The General Practice Data for Planning and Research (GPDPR) System, as it is formally known, will involve the transfer of GP medical records from the last 10 years into a centralised database.
Why is this Data Being Shared?
The data gathered on a national level can provide crucial information to support healthcare planning and research leading to better treatments and improved patient outcomes.
This data is already collected centrally for hospital patients; however, given the scale, frequency and number of conditions treated, researchers believe this additional information could provide exponential benefits.
Simon Bolton, CEO NHS Digital
Given the experience of the COVID-19 pandemic, this could prove to be vital in ensuring that the NHS can identify and protect the most vulnerable members of society, whilst reducing the long-term impact on the country as a whole.
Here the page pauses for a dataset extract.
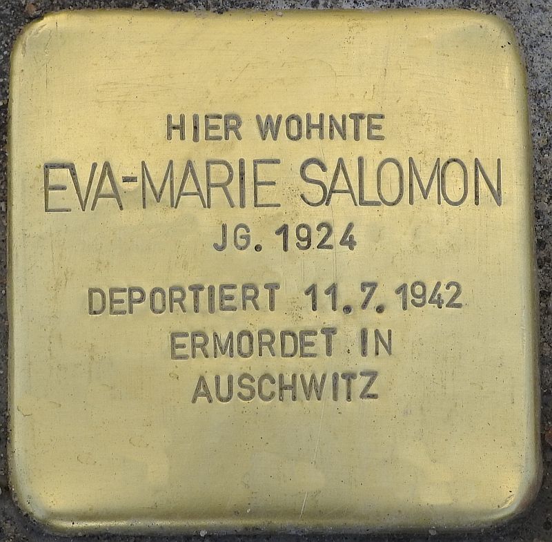 1942 wurden Toni Salomon und ihre Tochter Eva-Marie gezwungen in das Haus Maikowskistraße 107 (heute Zillestraße) umzuziehen, das wahrscheinlich ein „Judenhaus“ war. Sie wurden zusammen am 11. Juli 1942 in das Konzentrations- und Vernichtungslager Auschwitz-Birkenau deportiert. Toni und Eva-Marie Salomon wurden in dem Konzentrations- und Vernichtungslager Auschwitz-Birkenau ermordet.

What Data Will be Collected?
Data may be shared from the GP medical records about:
• Any living patient registered at a GP practice in England when the collection started; this includes children and adults.
• Any patient who died after 1 September 2021 and was previously registered at a GP practice in England when the data collection started.
• NHS Digital will not collect patients’ names or addresses. Any other data that could directly identify patients (such as NHS Number, date of birth, full postcode) is replaced with unique codes which are produced by de-identification software before the data is shared with NHS Digital.*
NHS Digital will collect:
• Data about diagnoses, symptoms, observations, test results, medications, allergies, immunisations, referrals, recalls and appointments, including information about physical, mental and sexual health.
• Data on sex, ethnicity and sexual orientation.
• Data about staff who have treated patients.
NHS Digital does not collect:
• Name and address (except for postcode, protected in a unique coded form).
• Written notes (free text), such as the details of conversations with doctors and nurses.
• Images, letters and documents.
• Coded data that is not needed due to its age; for example medication, referral and appointment data that is over 10 years old.
• Coded data that GPs are not permitted to share by law; for example certain codes about IVF treatment, and certain information about gender reassignment.
*This process is called pseudonymisation and means that patients will not be identified directly in the data. NHS Digital will be able to use the software to convert the unique codes back to data that could directly identify patients in certain circumstances, and where there is a valid legal reason.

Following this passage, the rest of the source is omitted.